DB Navigator - Create AI Model

Provide the following information to add a new embedding model to use for vector generation:
Field Description
Connection This field is pre-filled with the DB connection in which you are adding the AI model.
Schema This field is pre-filled with the DB schema in which you are adding the AI model.
Model Name Enter a name for the new AI model.
Model Source Choose between Model File or Object Resource:
  • Model File - Lets you upload the model source file into the schema.
  • Object Resource - Lets you enter the URL of the embedding model provider's web platform from where the model will be accessed and used along with a Credential corresponding to the model used.
Model File Browse through the model source file (such as a .onnx file) saved in your local system and upload it.
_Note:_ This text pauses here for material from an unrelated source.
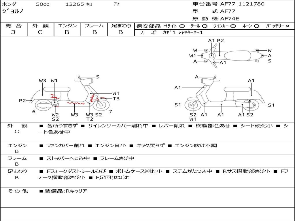 | Номер рамы / VIN | AF77-1121780 |

This field is displayed only if you select Model File as the model source.
Object URL Type the URL of the platform from where the embedding model can be downloaded. This field is displayed only if you select Object Resource as the model source.
Credential Select one from the available credentials for supported LLMs. If a credential is not available, click the Create Credential icon (+) to open the DB Navigator - Create Credential dialog box and create a new credential corresponding to an LLM (such as those provided by OCI Generative AI, Open AI, Google, Anthropic, Mistral AI, etc.). For more information on creating credentials, see "Creating Credentials for Public LLMs"
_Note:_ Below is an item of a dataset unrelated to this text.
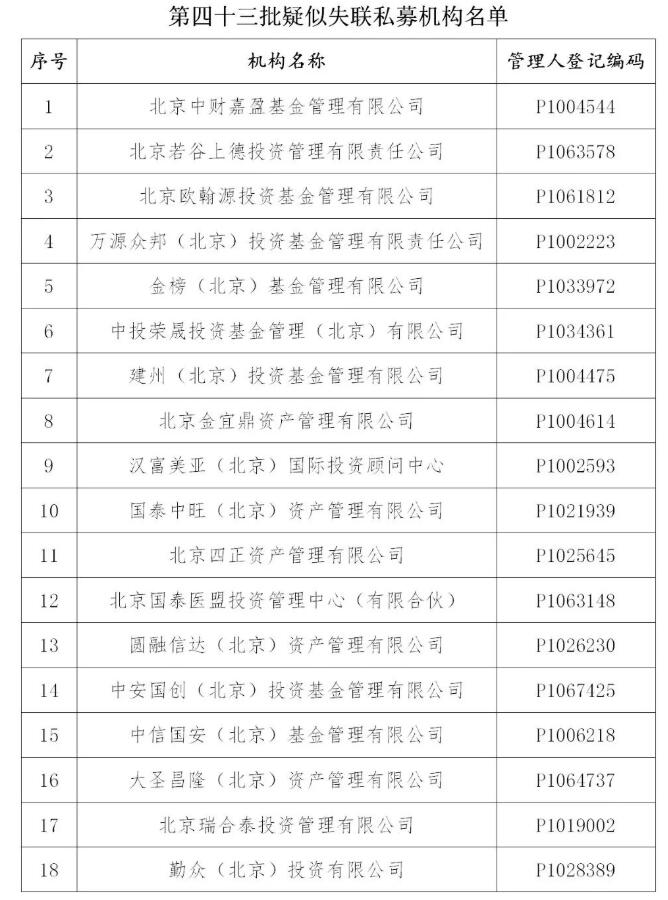 3月1日,中國(guó)證券投資基金業(yè)協(xié)會(huì)(以下簡(jiǎn)稱(chēng)“中基協(xié)”)發(fā)布公告稱(chēng),近期,中基協(xié)在日常工作中發(fā)現(xiàn)70家疑似失聯(lián)私募機(jī)構(gòu)(附件),通過(guò)該70家私募機(jī)構(gòu)在資產(chǎn)管理業(yè)務(wù)綜合報(bào)送平臺(tái)(以下簡(jiǎn)稱(chēng)AMBERS系統(tǒng))中登記的固定電話、手機(jī)號(hào)碼、電子郵件等聯(lián)系方式無(wú)法與其取得有效聯(lián)系。

Click OK to start AI model creation. The model is added to the selected schema and visible on the DB Browser connection tree.


New AI Model in DB Browser window

For Third-party Model, provide the following information:
Field Description
Provider
Select from one of the supported third-party AI embedding model providers. Options include:
  • OCI Generative AI
  • Open AI
  • Cohere
  • Google
  • Anthropic
  • Hugging Face
  • Mistral AI
  • Vertex AI
Model Mention the embedding model to be used, for example, Gemini Embedding-001, or text-embedding-3-small.
URL Provide the URL of the platform from where the third-party embedding model file can be accessed or downloaded/subscribed.
Credential Schema Select the database schema where the AI credential corresponding to the selected Model (or Model provider) is stored.
Credential Select one from the list of available credentials that can be used with the selected Model.


Third-party Embedding model

To set the destination where you want the generated embeddings to get stored, in the Embedding Destination section of the DB Navigator - Vector Toolbox, first select the Destination. You can either store the generated vector embeddings in an existing database table or create a new table.

If you select Existing table as your preferred Destination, set the following parameters:
Field Description
Schema Select the database schema where the vector embeddings will be stored.
Table Select the database table within the schema where the vector embeddings will be stored.
Data column Select the table column to store the embedding text data.
Embedding column Select the table column to store the embedding vector.
Metadata column Select the table column to store embedding metadata. Metadata is stored only for file systems and not when the source data is from DB tables.


Embedding Destination - Existing DB Table

If you select New table as your preferred Destination, set the following parameters:

Field Description
Schema Select the database schema where the vector embeddings will be stored.
Table name Select the database table within the schema where the vector embeddings will be stored.
Key column By default, the Key column name is ID. You can change the Key column name where the vector ID is stored.
Text column (CLOB) Mention the column name to store embedding text data.
Vector column (VECTOR) Mention the column name to store the embedding vector.
Metadata column (JSON) Mention the column name to store embedding metadata.


Embedding Destination as New DB table

Once you have configured all the fields for Data Source, Chunk Configuration, Embedding Model, and Embedding Destination in the Vector Toolbox, click Create Embeddings to start generating vector embeddings. After successful generation, the vector embeddings get stored in the destination table you configured.